■ **TASK TO CARRY OUT**: Give back the data below word for word. Any image in it should be left out.
*** Block opens ***
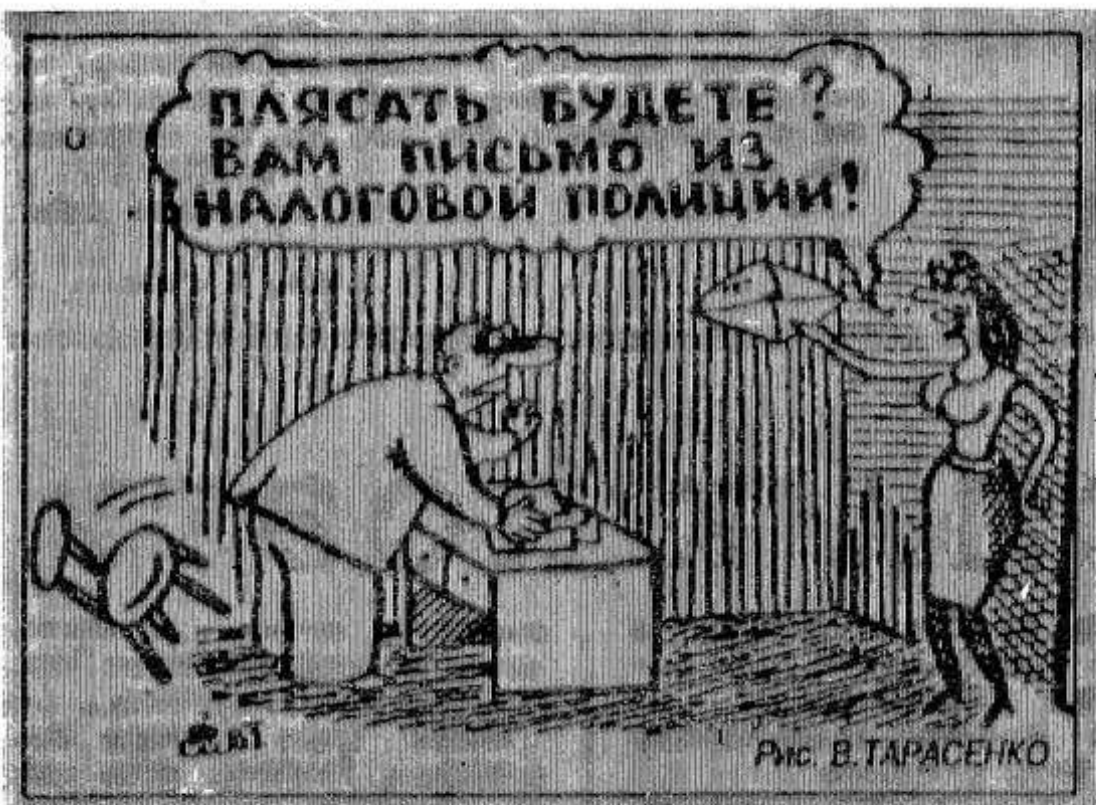
Рис. В. ТАРАСЕНКО

Государственная Дума перенесла рассмотрение вопроса об импичменте президенту Б. Ельцину на середину мая.
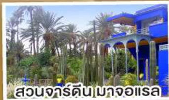
สวนจาร์ดิน มาจอแรล
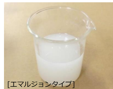
[エマルジョンタイプ]

スピード対応します!!! 購入、お見積り依頼、資料請求、ご相談、その他お問い合わせ お気軽にご連絡下さい
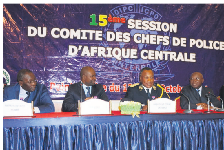
Les responsables de la police et le ministre Raymond Zéphirin Mboulou (à l'extrême droite)

Jean-François Ndenguet aux commandes du comité des chefs de police
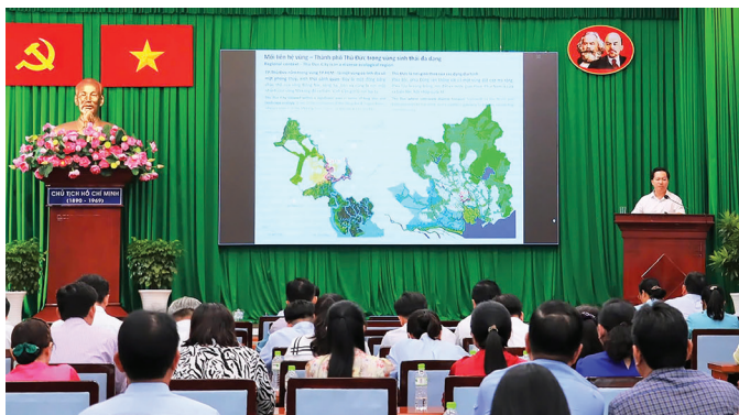
Quang cảnh hội nghị.
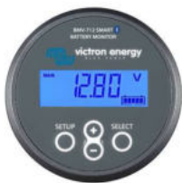
Bluetooth-Sensorik: BMV-712 Smart Batteriewächter
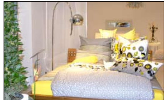
Blick in den neu gestalteten Ausstellungsraum
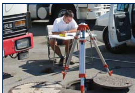
▲ Bestens geschultes Personal und professionelle Beratung vor Ort

Alle Preise excl. Ust., technische Änderungen, Druckfehler und alle Rechte vorbehalten.
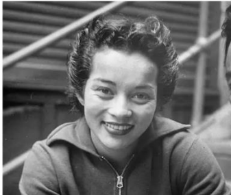
Victoria Manalo Draves Victoria Manalo Draves was a Filipino American competitive diver who won gold medals in both platform and springboard diving at the 1948 Summer Olympics in London.
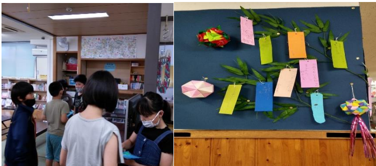
誕生日会で誕生日カードを子ども同士渡します。

★以前お配りしたクールネックタオルをお持ちください。外遊びで使います。また着替え袋の中身の確認をお願いいたします。
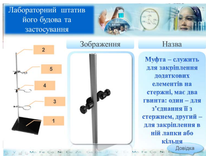
Рис. 3. Інтерактивний плакат для вивчення будови лабораторного штатива

організації навчального процесу (рис. 3).
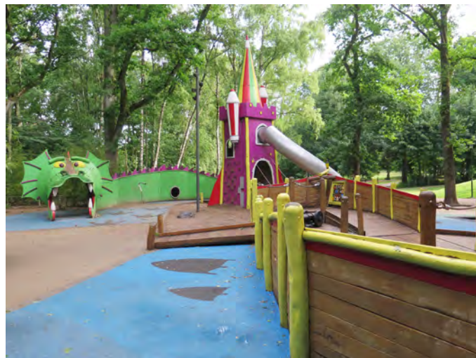
Figur 7. Trollsjön lekplats är idag den enda utflyktslekplatsen på allmän platsmark.

En utflyktslekplats är en lekplats för barn i alla åldrar där fler än tjugo barn kan vistas samtidigt utan risk för konflikter. Lekplatsen ska kunna
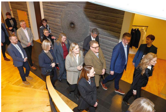
pré-entrée : les « nouveaux » viennent visiter leur futur lieu de travail

Comme prévu le scrutin du 3 novembre a produit un bouleversement de la vie politique islandaise (voir ma dernière chronique ). Mais pas la révolution annoncée par les sondages : comme à chaque élection législative où il était annoncé grand perdant, le parti de l'Indépendance a réussi à réduire ses pertes (de 16 à 14 députés). A l'inverse, ses deux alliés ont été laminés : disparition de la Gauche Verte, réduction de 13 à 5 députés pour le parti du Progrès. Dans l'ancienne opposition la surprise vient du parti du Peuple
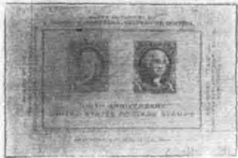
紐約集郵百年紀念展覽會票
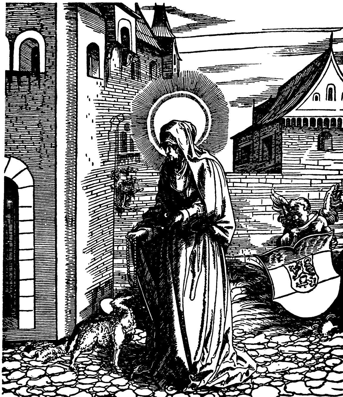
JAN BURGMAIER: BL. ANEŽKA. Dřevoryt z doby okolo r. 1514.

Její jméno Anežka-Agnes, má něco v sobě z beránka — Agnus, z toho beránka, jenž za jiné jest obětován. Jakoby ji za svou šťastnou pokračovatelku vyslaly nejšlechtnější ženy Přemyslovců, kterým bylo souzeno často usmiřovati oběti velké zbožnosti, krvavé stíny svého rodu: Ludmila, Přibyslava, Mlada . . .»
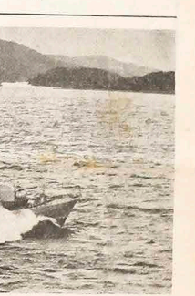
Spór między Argentyną i Chile, do kogo ma należeć Kanał Beagle, nie został dotąd rozwiązany. Na zdjęciu argentyńska motorówka — ścigająca na wodach tego kanału w głębokim kontrze trzy amerykańskie torpedowce.

Rakiety Cruise mogą być wystrzelone z ziemi, z morza i z powietrza. Amerykański samolot bojowy Boeing 727 zdolny jest przewieźć od 40 do 60 rakiet Cruise i wystrzelić je w odległości 200 km od granicy nieprzyjaćielskiej. Inny bombowiec typu Hercules może uczynić to samo co
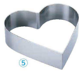
5 18-8 セルクルリング ハート 深型 (WSL-15)
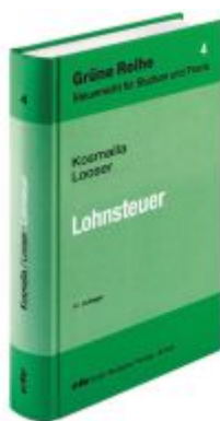
Lohnsteuer Ladenpreis: 60,70EUR
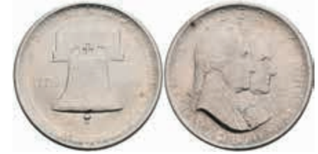
1100 1/2 Dollar, 1926, Independence, KM 160, vz. 30,—
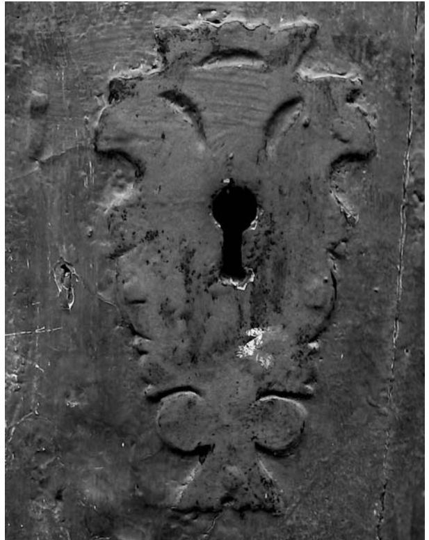
Bocacrau austriacista de la casa del carrer de l'Església, 21

els ferrers locals, seran més curoses i treballades, sempre d'acord amb l'habilitat de l'artesà. En el cas dels partidaris de l'Arxiduc Carles d'Àustria, ja hem dit que eren panys que es representaven amb una àliga bicèfala rampant. Tenim un exemple força treballat, amb corona imperial excel·lentment definida, retallada i calada amb traç simple a la casa del carrer Ample, número 7. Una altra mostra, ben
*** Block closes ***
■ **WRITTEN ANSWER**:
Рис. В. ТАРАСЕНКО

Государственная Дума перенесла рассмотрение вопроса об импичменте президенту Б. Ельцину на середину мая.
สวนจาร์ดิน มาจอแรล
[エマルジョンタイプ]

スピード対応します!!! 購入、お見積り依頼、資料請求、ご相談、その他お問い合わせ お気軽にご連絡下さい
Les responsables de la police et le ministre Raymond Zéphirin Mboulou (à l'extrême droite)

Jean-François Ndenguet aux commandes du comité des chefs de police
Quang cảnh hội nghị.
Bluetooth-Sensorik: BMV-712 Smart Batteriewächter
Blick in den neu gestalteten Ausstellungsraum
▲ Bestens geschultes Personal und professionelle Beratung vor Ort

Alle Preise excl. Ust., technische Änderungen, Druckfehler und alle Rechte vorbehalten.
Victoria Manalo Draves Victoria Manalo Draves was a Filipino American competitive diver who won gold medals in both platform and springboard diving at the 1948 Summer Olympics in London.
誕生日会で誕生日カードを子ども同士渡します。

★以前お配りしたクールネックタオルをお持ちください。外遊びで使います。また着替え袋の中身の確認をお願いいたします。
Рис. 3. Інтерактивний плакат для вивчення будови лабораторного штатива

організації навчального процесу (рис. 3).
Figur 7. Trollsjön lekplats är idag den enda utflyktslekplatsen på allmän platsmark.

En utflyktslekplats är en lekplats för barn i alla åldrar där fler än tjugo barn kan vistas samtidigt utan risk för konflikter. Lekplatsen ska kunna
pré-entrée : les « nouveaux » viennent visiter leur futur lieu de travail

Comme prévu le scrutin du 3 novembre a produit un bouleversement de la vie politique islandaise (voir ma dernière chronique ). Mais pas la révolution annoncée par les sondages : comme à chaque élection législative où il était annoncé grand perdant, le parti de l'Indépendance a réussi à réduire ses pertes (de 16 à 14 députés). A l'inverse, ses deux alliés ont été laminés : disparition de la Gauche Verte, réduction de 13 à 5 députés pour le parti du Progrès. Dans l'ancienne opposition la surprise vient du parti du Peuple
紐約集郵百年紀念展覽會票
JAN BURGMAIER: BL. ANEŽKA. Dřevoryt z doby okolo r. 1514.

Její jméno Anežka-Agnes, má něco v sobě z beránka — Agnus, z toho beránka, jenž za jiné jest obětován. Jakoby ji za svou šťastnou pokračovatelku vyslaly nejšlechtnější ženy Přemyslovců, kterým bylo souzeno často usmiřovati oběti velké zbožnosti, krvavé stíny svého rodu: Ludmila, Přibyslava, Mlada . . .»
Spór między Argentyną i Chile, do kogo ma należeć Kanał Beagle, nie został dotąd rozwiązany. Na zdjęciu argentyńska motorówka — ścigająca na wodach tego kanału w głębokim kontrze trzy amerykańskie torpedowce.

Rakiety Cruise mogą być wystrzelone z ziemi, z morza i z powietrza. Amerykański samolot bojowy Boeing 727 zdolny jest przewieźć od 40 do 60 rakiet Cruise i wystrzelić je w odległości 200 km od granicy nieprzyjaćielskiej. Inny bombowiec typu Hercules może uczynić to samo co
5 18-8 セルクルリング ハート 深型 (WSL-15)
Lohnsteuer Ladenpreis: 60,70EUR
1100 1/2 Dollar, 1926, Independence, KM 160, vz. 30,—
Bocacrau austriacista de la casa del carrer de l'Església, 21

els ferrers locals, seran més curoses i treballades, sempre d'acord amb l'habilitat de l'artesà. En el cas dels partidaris de l'Arxiduc Carles d'Àustria, ja hem dit que eren panys que es representaven amb una àliga bicèfala rampant. Tenim un exemple força treballat, amb corona imperial excel·lentment definida, retallada i calada amb traç simple a la casa del carrer Ample, número 7. Una altra mostra, ben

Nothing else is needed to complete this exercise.